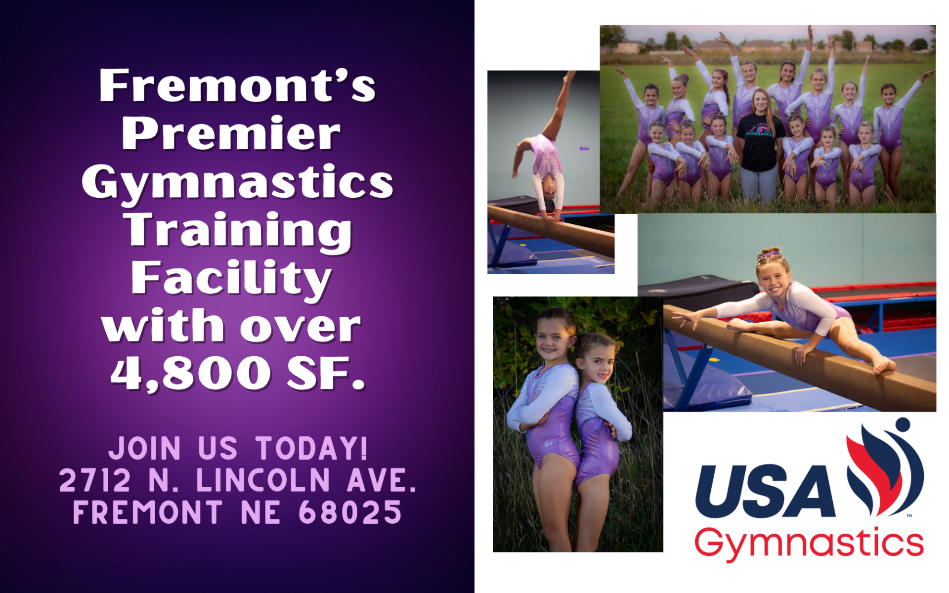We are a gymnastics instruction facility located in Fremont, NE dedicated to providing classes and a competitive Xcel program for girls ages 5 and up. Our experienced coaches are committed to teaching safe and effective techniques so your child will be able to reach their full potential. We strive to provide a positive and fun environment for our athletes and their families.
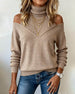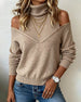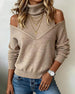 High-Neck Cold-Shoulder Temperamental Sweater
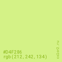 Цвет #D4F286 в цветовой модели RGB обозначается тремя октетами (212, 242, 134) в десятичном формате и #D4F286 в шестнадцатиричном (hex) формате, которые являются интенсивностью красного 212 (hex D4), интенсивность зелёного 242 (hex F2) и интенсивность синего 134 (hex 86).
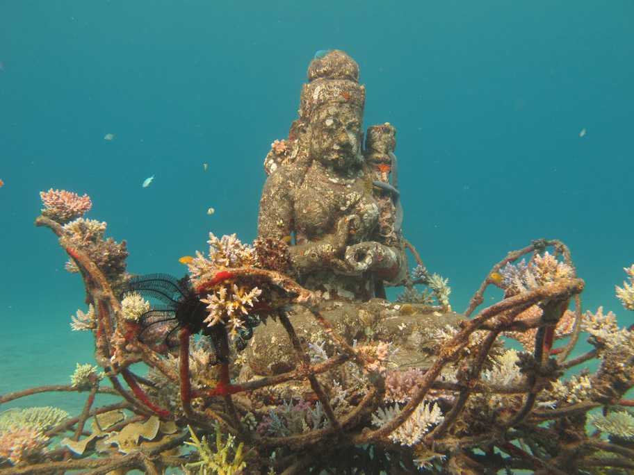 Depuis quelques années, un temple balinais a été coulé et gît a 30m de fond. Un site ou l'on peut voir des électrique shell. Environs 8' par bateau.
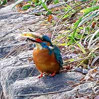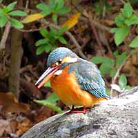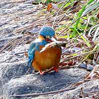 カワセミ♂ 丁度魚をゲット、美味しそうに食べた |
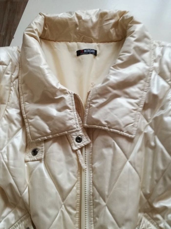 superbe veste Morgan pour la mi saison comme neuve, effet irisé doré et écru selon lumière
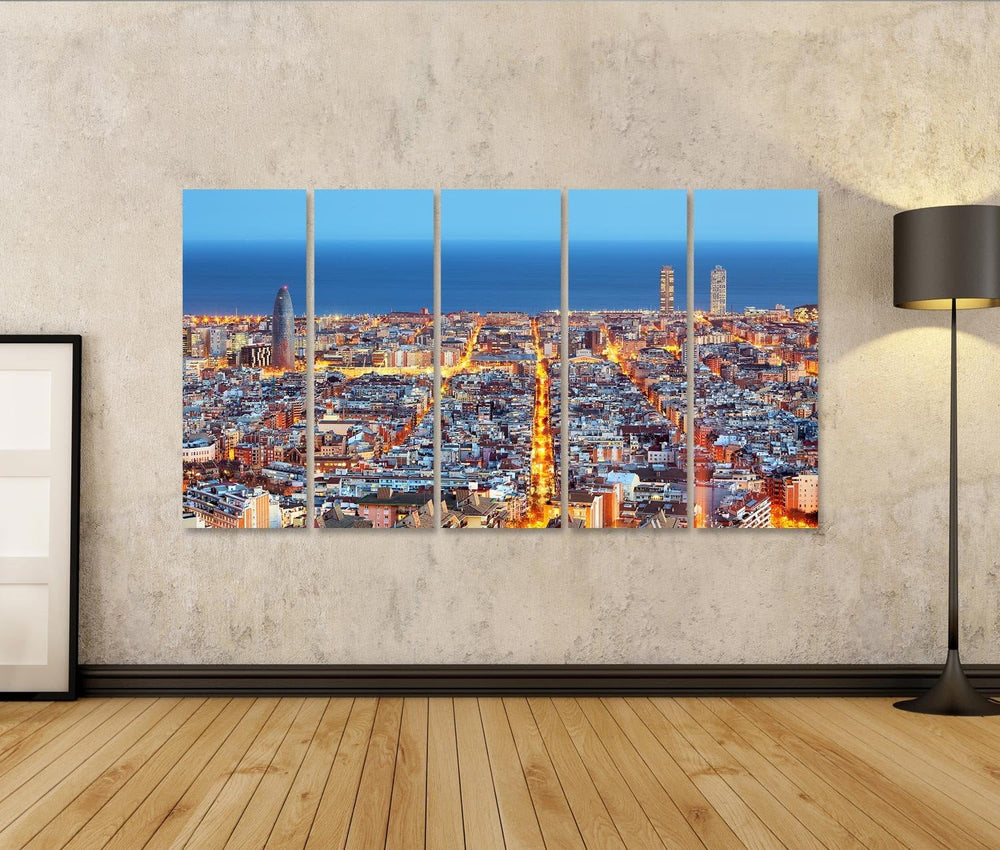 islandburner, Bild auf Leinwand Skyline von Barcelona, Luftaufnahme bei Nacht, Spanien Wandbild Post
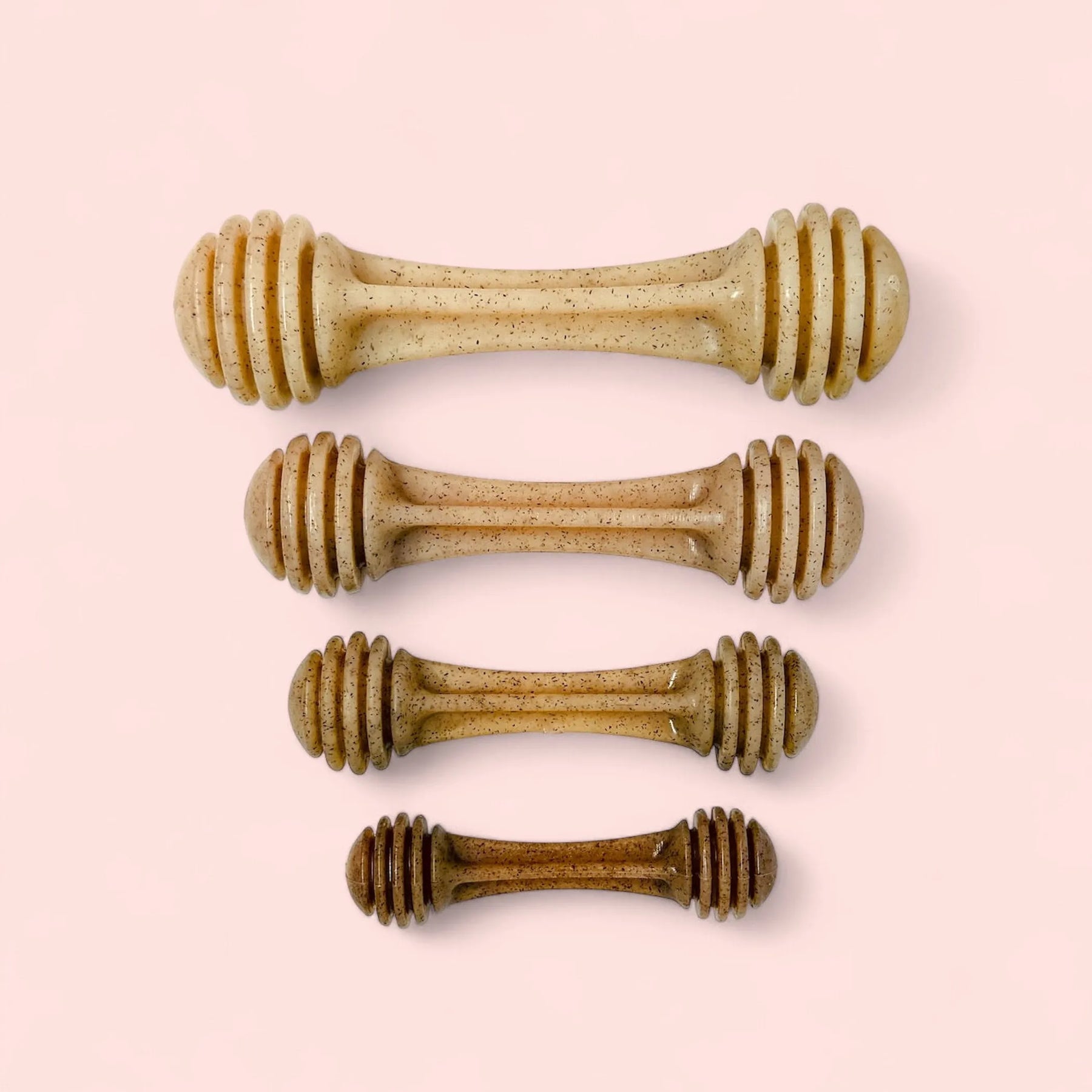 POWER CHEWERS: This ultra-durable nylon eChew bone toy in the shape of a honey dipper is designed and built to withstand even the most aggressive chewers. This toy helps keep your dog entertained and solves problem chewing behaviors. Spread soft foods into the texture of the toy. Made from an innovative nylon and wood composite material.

• [WHAT THE EXERCISE ASKS] Reproduce the data above verbatim, minus any images.

• [THE ANSWER]
We are a gymnastics instruction facility located in Fremont, NE dedicated to providing classes and a competitive Xcel program for girls ages 5 and up. Our experienced coaches are committed to teaching safe and effective techniques so your child will be able to reach their full potential. We strive to provide a positive and fun environment for our athletes and their families.
 High-Neck Cold-Shoulder Temperamental Sweater
 Цвет #D4F286 в цветовой модели RGB обозначается тремя октетами (212, 242, 134) в десятичном формате и #D4F286 в шестнадцатиричном (hex) формате, которые являются интенсивностью красного 212 (hex D4), интенсивность зелёного 242 (hex F2) и интенсивность синего 134 (hex 86).
 Depuis quelques années, un temple balinais a été coulé et gît a 30m de fond. Un site ou l'on peut voir des électrique shell. Environs 8' par bateau.
 カワセミ♂ 丁度魚をゲット、美味しそうに食べた |
 superbe veste Morgan pour la mi saison comme neuve, effet irisé doré et écru selon lumière
 islandburner, Bild auf Leinwand Skyline von Barcelona, Luftaufnahme bei Nacht, Spanien Wandbild Post
 POWER CHEWERS: This ultra-durable nylon eChew bone toy in the shape of a honey dipper is designed and built to withstand even the most aggressive chewers. This toy helps keep your dog entertained and solves problem chewing behaviors. Spread soft foods into the texture of the toy. Made from an innovative nylon and wood composite material.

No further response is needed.